Records from a data collection:
━━━━━━━━━━━━━━━━
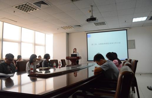 随后,研会副主席及其分管部门各部长对自身所负责的各项工作做了简单介绍。本届研会由主席团、宣传部、文体部、实践部以及办公室构成:主席团对院团工委领导下的研会整体工作负全面责任,其由一位主席,三位副主席构成;办公室是院研会内部的协调部门,负责研会文件的起草、信息汇总等事务性工作,分管财务、档案整理,负有协调和监督各部门的工作职责,由张茜副主席负责,邓江楠担任部长;宣传部是“学生喉舌,活动导向,舆论标兵,宣传榜样”,主要承担本院重大新闻动态以及研会工作的新闻宣传工作,负责学院网站、研会微信公众号等通讯稿的撰写、宣传报道工作,由武星星副主席负责并兼任部长;文体部是研会组织和管理学生文艺活动、体育运动方面的职能部门,由崔殿宁副主席负责,乔邦曦担任部长一职;实践部是研会的一个常设部门,担负研会内部的素质拓展活动,面向全院同学提供较为全面的职业发展规划、职场技能提高等相关活动,以及与社会商业部门做好沟通联系工作,由高香香担任部长一职。
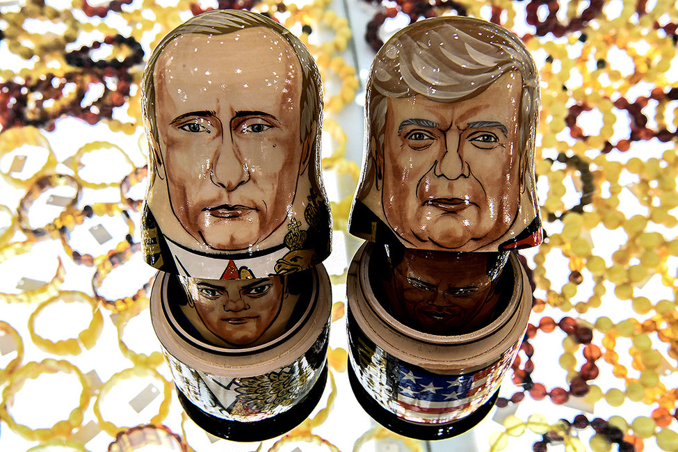 Матрешки в виде Владимира Путина и Дональда Трампа в сувенирном магазине в центре Москвы. Фото: Кирилл Кудрашев / AFP
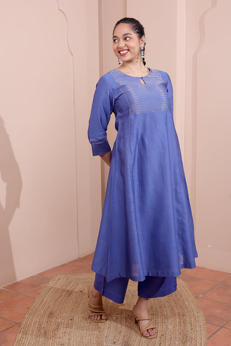 This hand dyed Chanderi silk kurta features zari stripe detailing on the sleeves and yoke, along with a side pocket on the right. Pair it with our coordinating bottom for a look that’s effortlessly put-together.
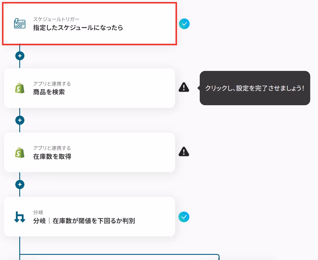 「分岐|在庫数が閾値を下回るか判別」をクリック。
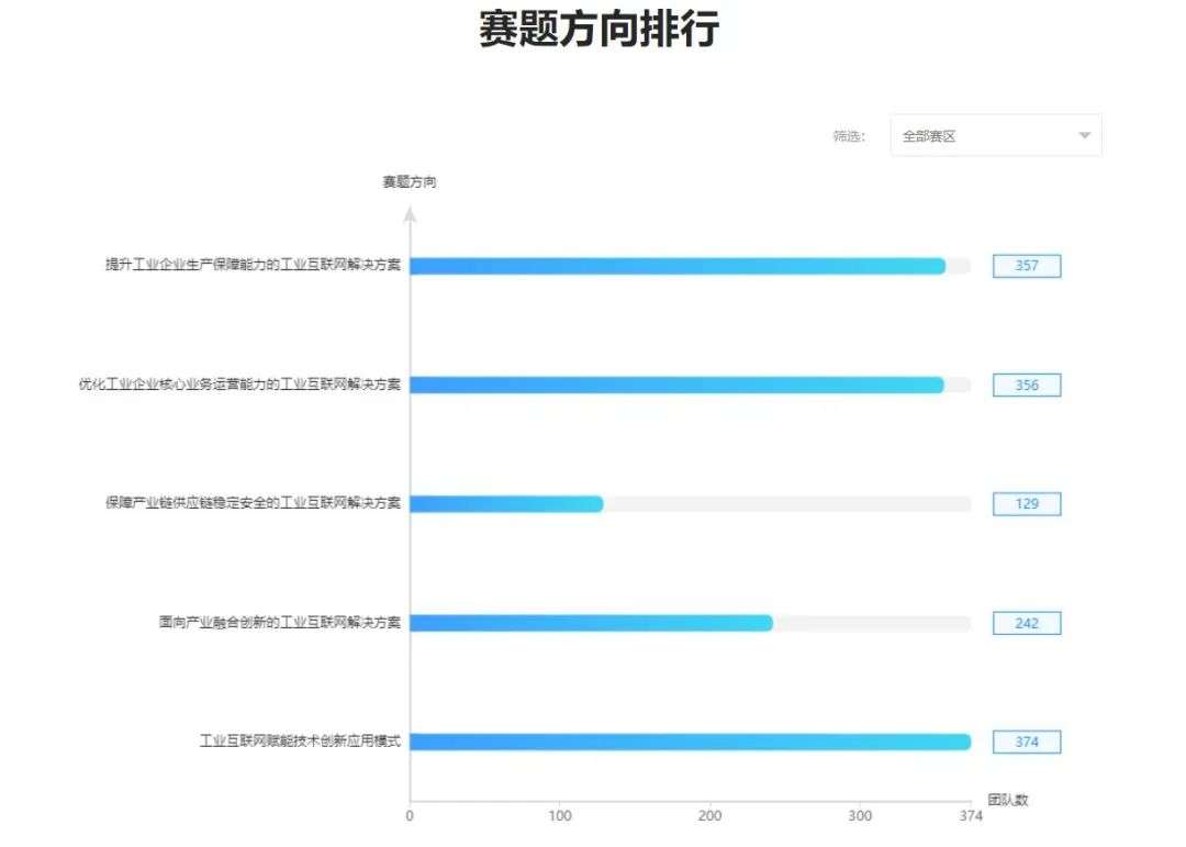 本届大赛,从参赛团队和选手们的赛道选择来看,选择领军组的团队占比64.7%,选择新锐组的团队为占比35.3%;从目前参赛团队及选手们对于五大赛题方向的选择率来看,工业互联网赋能技术创新应用模式、提升工业企业生产保障能力的工业互联网解决方案、优化工业企业核心业务运营能力的工业互联网解决方案这三大赛题方向位列前三。接下来选手们将携优秀的工业互联网解决方案,通过四大赛区区域赛比拼,争夺入围全国赛百强的机会。
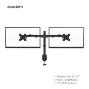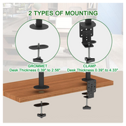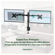 4. The Desk Mount can tilt the screens by 45 degrees from either side, swivel by 90 degrees, and rotate at least 180 degrees.
━━━━━━━━━━━━━━━━
→ THE PROBLEM
Could you output every entry exactly as written, skipping the pictures?

→ WRITTEN SOLUTION
 随后,研会副主席及其分管部门各部长对自身所负责的各项工作做了简单介绍。本届研会由主席团、宣传部、文体部、实践部以及办公室构成:主席团对院团工委领导下的研会整体工作负全面责任,其由一位主席,三位副主席构成;办公室是院研会内部的协调部门,负责研会文件的起草、信息汇总等事务性工作,分管财务、档案整理,负有协调和监督各部门的工作职责,由张茜副主席负责,邓江楠担任部长;宣传部是“学生喉舌,活动导向,舆论标兵,宣传榜样”,主要承担本院重大新闻动态以及研会工作的新闻宣传工作,负责学院网站、研会微信公众号等通讯稿的撰写、宣传报道工作,由武星星副主席负责并兼任部长;文体部是研会组织和管理学生文艺活动、体育运动方面的职能部门,由崔殿宁副主席负责,乔邦曦担任部长一职;实践部是研会的一个常设部门,担负研会内部的素质拓展活动,面向全院同学提供较为全面的职业发展规划、职场技能提高等相关活动,以及与社会商业部门做好沟通联系工作,由高香香担任部长一职。
 Матрешки в виде Владимира Путина и Дональда Трампа в сувенирном магазине в центре Москвы. Фото: Кирилл Кудрашев / AFP
 This hand dyed Chanderi silk kurta features zari stripe detailing on the sleeves and yoke, along with a side pocket on the right. Pair it with our coordinating bottom for a look that’s effortlessly put-together.
 「分岐|在庫数が閾値を下回るか判別」をクリック。
 本届大赛,从参赛团队和选手们的赛道选择来看,选择领军组的团队占比64.7%,选择新锐组的团队为占比35.3%;从目前参赛团队及选手们对于五大赛题方向的选择率来看,工业互联网赋能技术创新应用模式、提升工业企业生产保障能力的工业互联网解决方案、优化工业企业核心业务运营能力的工业互联网解决方案这三大赛题方向位列前三。接下来选手们将携优秀的工业互联网解决方案,通过四大赛区区域赛比拼,争夺入围全国赛百强的机会。
 4. The Desk Mount can tilt the screens by 45 degrees from either side, swivel by 90 degrees, and rotate at least 180 degrees.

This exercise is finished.